Excerpts from a dataset
--

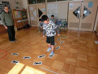 八木先生には、足跡シートにそって歩くゲームを最初にして
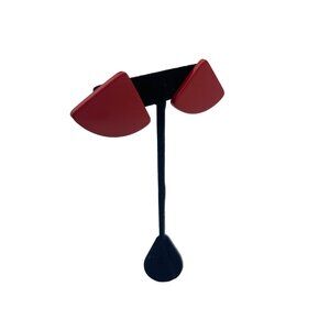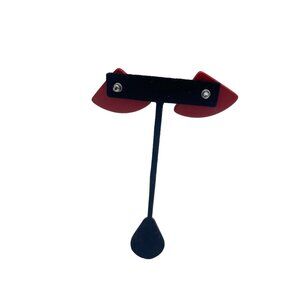 Red Wooden Pie Shaped Post Back Earrings 80s Retro
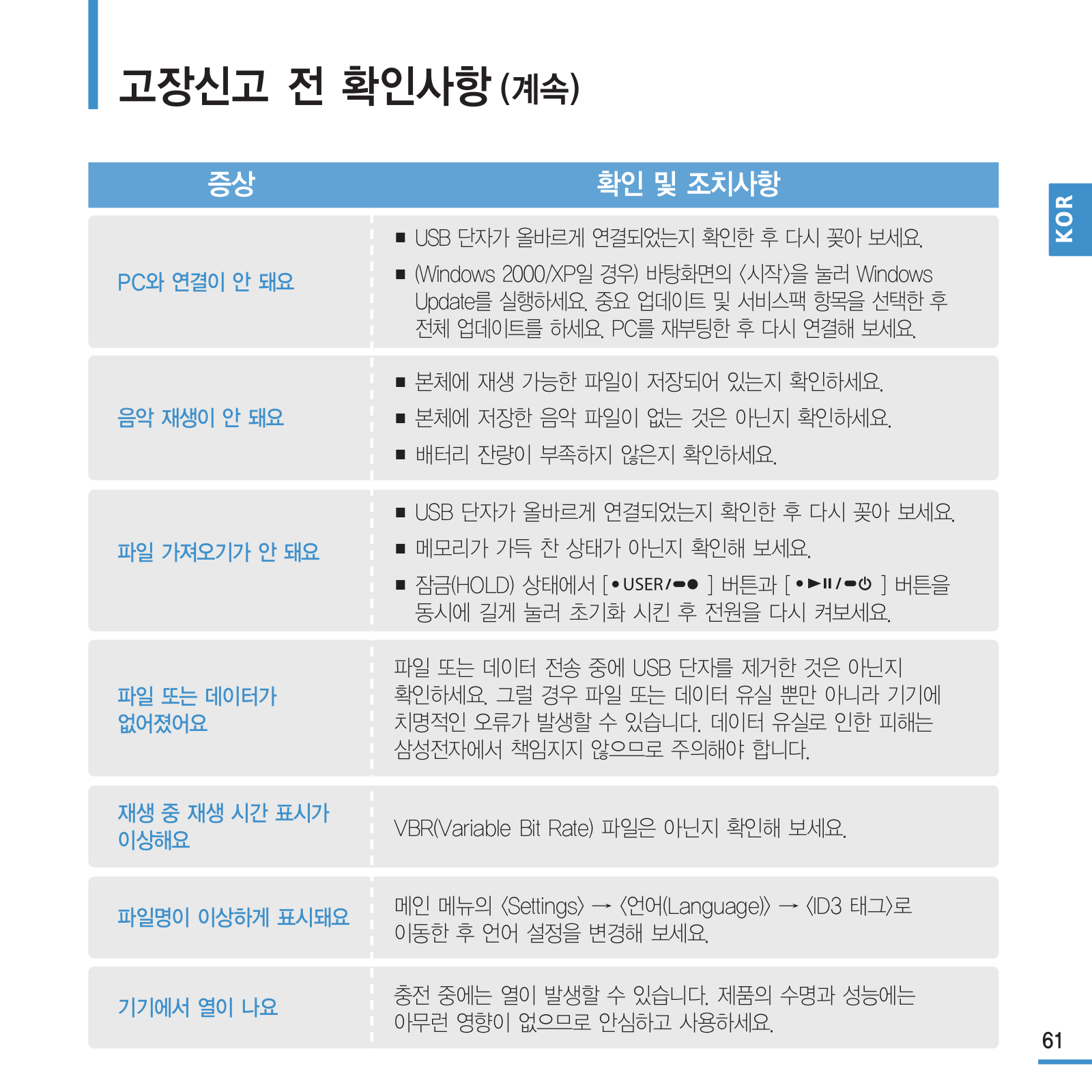 Samsung YP-U3JQW/XAA, YP-U3JQL/XAA, YP-U3JQG/XAA, YP-U3JQB/XAA User Manual
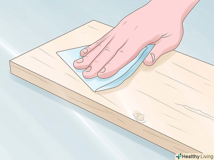 Відшліфуйте деревину(і при необхідностіОчистіть від покриття ), якщо вона раніше була чимось пофарбована. якщо деревина, яку Ви вирішили зістарити, раніше була покрита лаком або фарбою, відшліфуйте її наждачним папером, щоб дістатися до необробленого шару дерева. Якщо деревина була пофарбована не один раз, можливо, вам буде потрібно зняти з неї фарбу хімічним шляхом. [4]- При роботі з шліфувальною машиною або хімічними розчинниками фарб використовуйте захисні окуляри і робочий одяг з довгими рукавами.
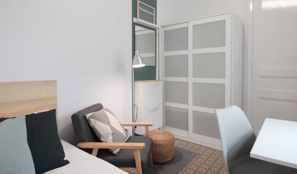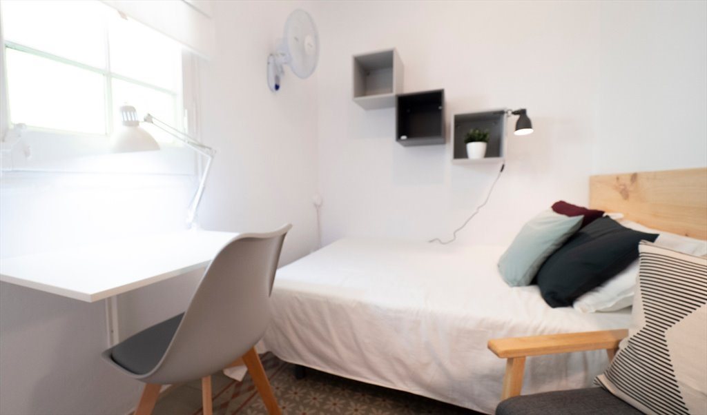 ¡Habitación individual interior en un piso con aire acondicionado y terraza al lado de la Sagrada Familia! El piso es de diseño, está recién reformado y muy cerca del Centro Comercial de Glories y muy bien comunicado con el resto de la ciudad. Tiene cama individual (convertible a doble), escritorio, armario, cerradura en la puerta y TV. El piso cuenta con una sala común enorme y de diseño, un baño, lavadora, lavavajillas y una cocina completa. Incluidos en el precio agua, luz, gas y wifi de alta velocidad. ¡La habitación te encantará!
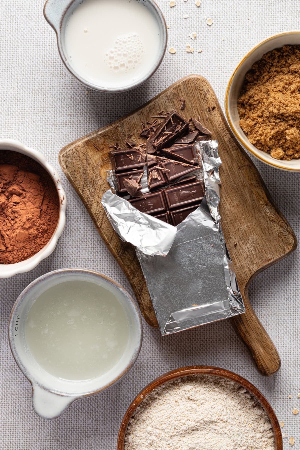 Ground the oat flour very finely. Get together the light brown sugar, unsweetened cocoa powder, melt the coconut oil, unsweetened almond milk, and baking chocolate bar.

--

TO DO
Please print each record above again exactly, but omit any pictures.

SOLUTION FOR THIS TASK
 八木先生には、足跡シートにそって歩くゲームを最初にして
 Red Wooden Pie Shaped Post Back Earrings 80s Retro
 Samsung YP-U3JQW/XAA, YP-U3JQL/XAA, YP-U3JQG/XAA, YP-U3JQB/XAA User Manual
 Відшліфуйте деревину(і при необхідностіОчистіть від покриття ), якщо вона раніше була чимось пофарбована. якщо деревина, яку Ви вирішили зістарити, раніше була покрита лаком або фарбою, відшліфуйте її наждачним папером, щоб дістатися до необробленого шару дерева. Якщо деревина була пофарбована не один раз, можливо, вам буде потрібно зняти з неї фарбу хімічним шляхом. [4]- При роботі з шліфувальною машиною або хімічними розчинниками фарб використовуйте захисні окуляри і робочий одяг з довгими рукавами.
 ¡Habitación individual interior en un piso con aire acondicionado y terraza al lado de la Sagrada Familia! El piso es de diseño, está recién reformado y muy cerca del Centro Comercial de Glories y muy bien comunicado con el resto de la ciudad. Tiene cama individual (convertible a doble), escritorio, armario, cerradura en la puerta y TV. El piso cuenta con una sala común enorme y de diseño, un baño, lavadora, lavavajillas y una cocina completa. Incluidos en el precio agua, luz, gas y wifi de alta velocidad. ¡La habitación te encantará!
 Ground the oat flour very finely. Get together the light brown sugar, unsweetened cocoa powder, melt the coconut oil, unsweetened almond milk, and baking chocolate bar.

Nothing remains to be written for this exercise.